In fact, Hopkins explains, they set about freezing honey bee semen despite the fact that one of the last papers written about cryopreservation from the 1980s stated the results weren’t good enough and that researchers should stop pursuing that method of storage. Nevertheless, Hopkins extracted a single capillary tube of semen (100 microliters), froze it and had “pretty good success.”

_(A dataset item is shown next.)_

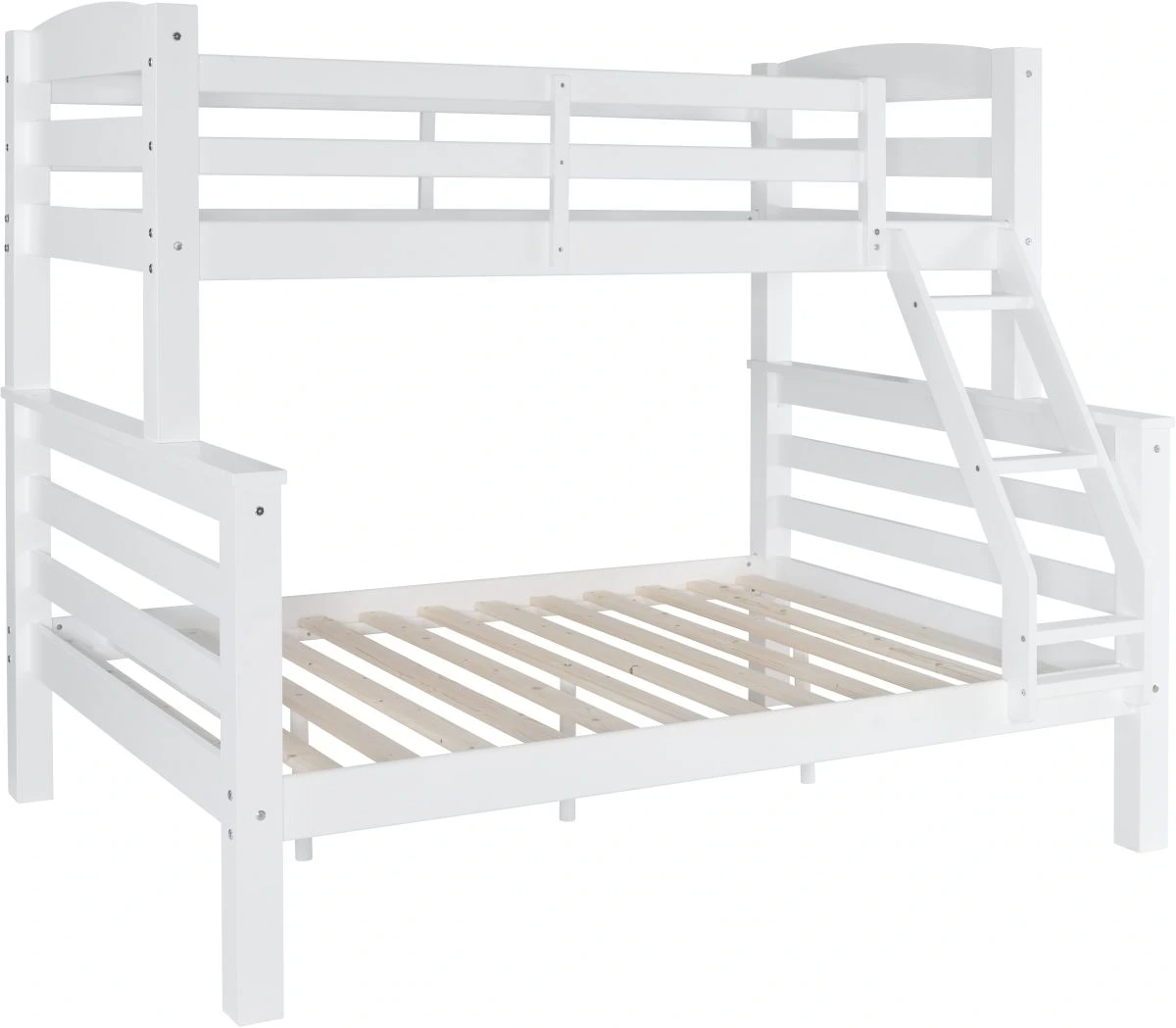 Space-saving twin/full bunk bed makes sharing rooms easy for siblings and sleepovers. Solid wood slats eliminate the need for box springs and sturdy construction. Raised arch footboard adds a stylish accent, and sleek white finish is fun to mix and match with colorful bed linens, blankets, pillows, throws, bedroom dressers, and storage bins.Read More

This was happening at the same time that Washington State University researcher Steve Sheppard, head of the WSU Apis Molecular Systematics Laboratory, was out in the field, collecting fresh material of the same variety. That year, he had been awarded the only permit given by USDA to import semen from global bee populations into the United States. Those samples became the foundation of what has become the largest collection of bee germplasm in the world, stored at WSU and containing subspecies native to Europe, Western Asia and Central Europe.
Sheppard subsequently became Hopkins’ PhD advisor, and the two of them started traveling together, collecting bee semen and freezing it on-site. The work came with unique challenges. “The problem with fresh semen is that you only get that one shot,” Hopkins explains. “It’s very expensive and time-consuming to collect overseas. Then you use it and may have a queen that doesn’t even produce any progeny.”
But it also paid off: Hopkins says the material collected and frozen five years ago is “the same as if it had been frozen for five days.”
When asked if he ever envisioned this as his life’s work, Hopkins was clear: “No. For sure not.” But he sees the incredible value in the work he’s doing. “The cool thing about the incorporation of cryopreservation in bee breeding is that it will allow us to breed across space and time,” Sheppard said in an email. “We can retrieve genetics years after it’s been placed in storage. So, you can envision that, in 2030, we could cross the bees back to material from 2015 that we have [stored] in the liquid nitrogen tank.”
And that’s why it’s important to preserve material that’s both commercially viable and diverse. “While I don’t really think that we’re going to suddenly lose all our honey bees and need to tap into this frozen stock to repopulate the planet with bees, it is too bad that we weren’t doing this before, say, Varroa mites came,” Hopkins says. “We lost a huge amount of genetic diversity in the U.S. population that we can’t really get back because we didn’t have any frozen material.”
To get back to that level of diversity, he says, there is more work to be done. “Honey bees are an agricultural domestic species now,” says Hopkins. “They need the same research and attention that cattle, for example, get. It would be great if they were better recognized—in conservation, breeding techniques, selection, all [it takes] to improve them.”